I am also trying to break in a store cube and I just force the cube a little bit to cut corners.
It works, but patience is the best key I think.


----------



## Inusagi (May 2, 2008)

Rama said:


> I am also trying to break in a store cube and I just force the cube a little bit to cut corners.
> It works, but patience is the best key I think.



You are right, it takes a lot of times...


----------



## pcwiz (May 2, 2008)

Inusagi said:


> Thanks for helping. I think at least Harris Chan has a good cube. Hes cube is a DIY, and they got verygood cutting corners. Also, at the Pll, people are saying it's supposed to be sub 2, and if I try, I must have good cutting corners.
> 
> Thanks pcwiz, but I think I already watched that video. And I have tried, but I don't discover any difference. But could you give me thelink, cause maybe I have watched a another video from him...

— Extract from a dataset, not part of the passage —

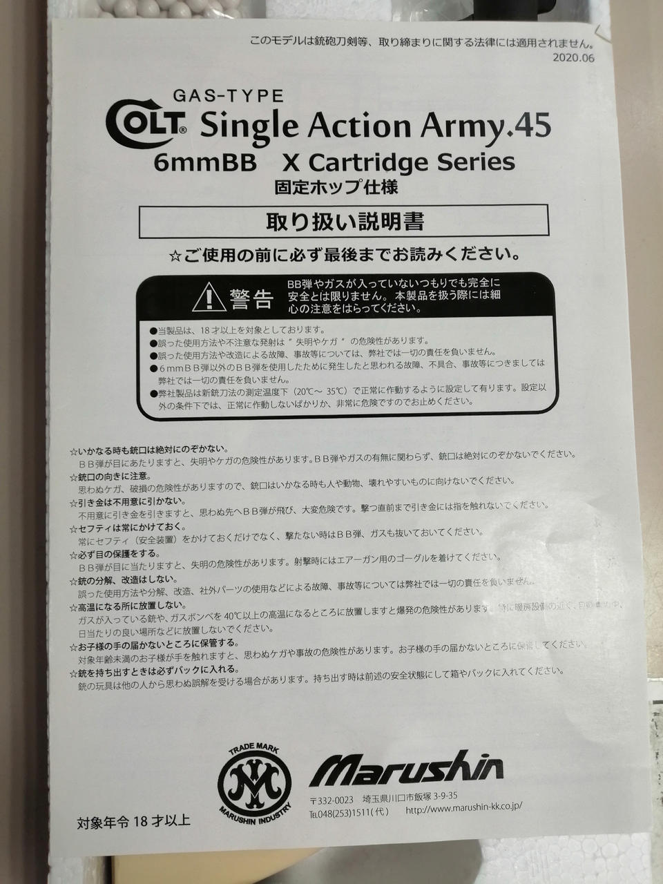 本体、薬莢×6、BB弾、箱、説明書 |

Pestvic's way of breaking in the Rubik's Cube
http://youtube.com/watch?v=5xQ0ywP-bbU

As I've said before, I have a horrible store bought cube, and did Pestvic's way of cutting corners. It cuts corners much better (did it for like 15 minutes), but it stills locks up sometimes, but doing it for 15 was worth it


----------



## Inusagi (May 3, 2008)

Pestvic's way of breaking in the Rubik's Cube
http://youtube.com/watch?v=5xQ0ywP-bbU

As I've said before, I have a horrible store bought cube, and did Pestvic's way of cutting corners. It cuts corners much better (did it for like 15 minutes), but it stills locks up sometimes, but doing it for 15 was worth it [/QUOTE]

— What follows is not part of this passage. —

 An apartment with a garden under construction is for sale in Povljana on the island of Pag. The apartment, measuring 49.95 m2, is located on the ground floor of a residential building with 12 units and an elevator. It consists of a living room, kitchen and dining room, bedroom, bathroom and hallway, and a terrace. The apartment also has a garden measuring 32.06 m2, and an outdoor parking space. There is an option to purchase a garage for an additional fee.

15min. for the whole cube? Or for one side?


----------



## pcwiz (May 4, 2008)

Inusagi said:


> Pestvic's way of breaking in the Rubik's Cube
> http://youtube.com/watch?v=5xQ0ywP-bbU
> 
> 
> ...



I did 15 minutes for the whole cube. A lot of corners to do .


----------



## Aeonstorm (Apr 30, 2009)

15 minutes? I've been stretching for about 45 minutes and my cube's still only halfway to where I want it. Surprisingly though, my first storebought cube only took about 15 minutes, as you said, and now it never locks up, and you can barely feel it cutting an entire third of a turn


----------



## pentrixter (Apr 30, 2009)

I'm not sure if corner cutting is the most important thing. Jamming is one the biggest problems I have with my cubes despite having good corner cutting. I think I've come to the conclusion that jamming has more to do with whether the center pieces are pillowed or not...

Either way, I don't understand why you would even want a storebought to be good a corner cutting. Why don't you just get a DIY? Most of them aren't bad at corner cutting save types D and E.


----------